Autoimmunenteropathie (14)
Die Autoimmunenteropathie betrifft vor allem Kleinkinder und Kinder. Auch diese Entität ist durch eine
Zottenatrophie der Dünndarmmukosa charakterisiert. Im Gegensatz zur einheimischen Sprue spricht
die Erkrankung jedoch nicht auf eine glutenfreie Diät
an; zudem tritt sie gehäuft in Familien mit Autoimmunerkrankungen wie Diabetes mellitus Typ 1, Glomerulonephritis, hämolytische Anämie, Asthma
oder Ekzeme auf.
Ätiologie und Pathogenese. Bei etwa der Hälfte der Patienten lassen sich Antikörper gegen Enterozyten nachweisen; vermutlich sind jedoch insbesondere T-Lymphozyten an der Pathogenese beteiligt.

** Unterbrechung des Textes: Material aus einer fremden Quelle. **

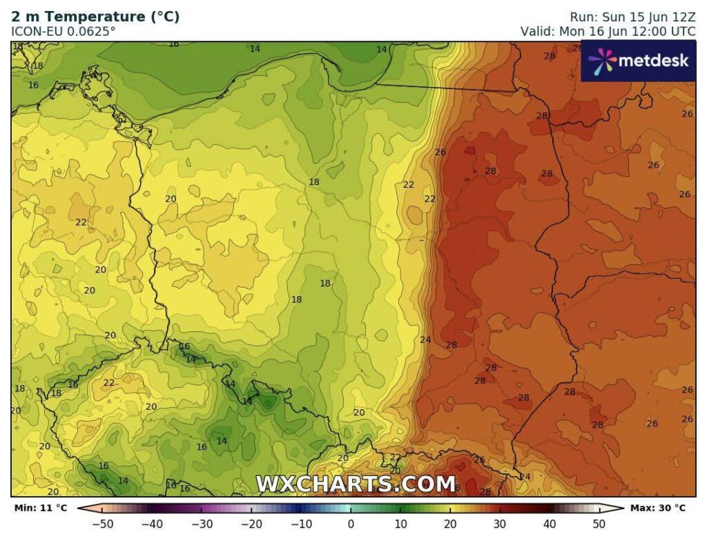 Rozpoczniemy dzień z przewagą bezchmurnego nieba na większości obszaru województwa. Lokalnie może pojawić się niewielkie zachmurzenie. W ciągu dnia zrobi się bardzo ciepło, wręcz upalnie, ze słońcem dominującym na niebie. W drugiej części dnia zachmurzenie zacznie wzrastać, sygnalizując nadejście chłodnego frontu atmosferycznego, który dotrze do nas po południu lub wieczorem. Będzie on jednak na tyle zdegradowany, że ewentualne opady będą raczej słabe i lokalne. Nadejście frontu objawi się wzrostem prędkości wiatru i szybkim spadkiem temperatury. Istnieje marginalna szansa na pojedyncze wyładowania atmosferyczne.

Klinik und Therapie. Die Diarrhö spricht
nicht auf eine Diät an, sondern erfordert eine
immunsuppressive Therapie mit Steroiden
oder Cyclosporin.
Morbus Whipple (11)
Der Morbus Whipple ist eine seltene, chronisch verlaufende Erkrankung, die erstmals 1907 von George
Hoyt Whipple beschrieben wurde.
Ätiologie und Pathogenese. Der Erkrankung liegt eine Infektion mit dem Bakterium Tropheryma whipplei zugrunde, das zu den Aktinomyzeten zählt und erstmals
1992 mittels PCR nachgewiesen werden konnte. Die
Kapsel weist eine innere glykoproteinhaltige Schicht auf,
die die charakteristische PAS-Färbung bedingt. Histologisch lässt sich in der Lamina propria der Dünndarmschleimhaut eine dichte Infiltration mit PAS-positiven
Makrophagen nachweisen, die zahlreiche sichelzellartige Einschlüsse enthalten (SPC-Zellen: sickleform particles containing cells) (Abb. 30.5). Der Erreger lässt sich
aber auch in vielen anderen Geweben nachweisen, wie
z. B. in Lymphknoten, ZNS, Augen, Herz, Leber, Lunge und
Nieren. Es liegen auch generelle Defekte in der Immunantwort von Abwehrzellen vor, wie z.B eine verminderte
Produktion von bestimmten Zytokinen wie Interferon γ
und Interleukin-12.
Abb. 30.5 PAS-positive Makrophagen in der Lamina propria des
Dünndarms bei Morbus Whipple (PAS-Färbung, 125fach vergrößert) (aus Hahn EG, Riemann JF. Klinische Gastroenterologie. Thieme 1996).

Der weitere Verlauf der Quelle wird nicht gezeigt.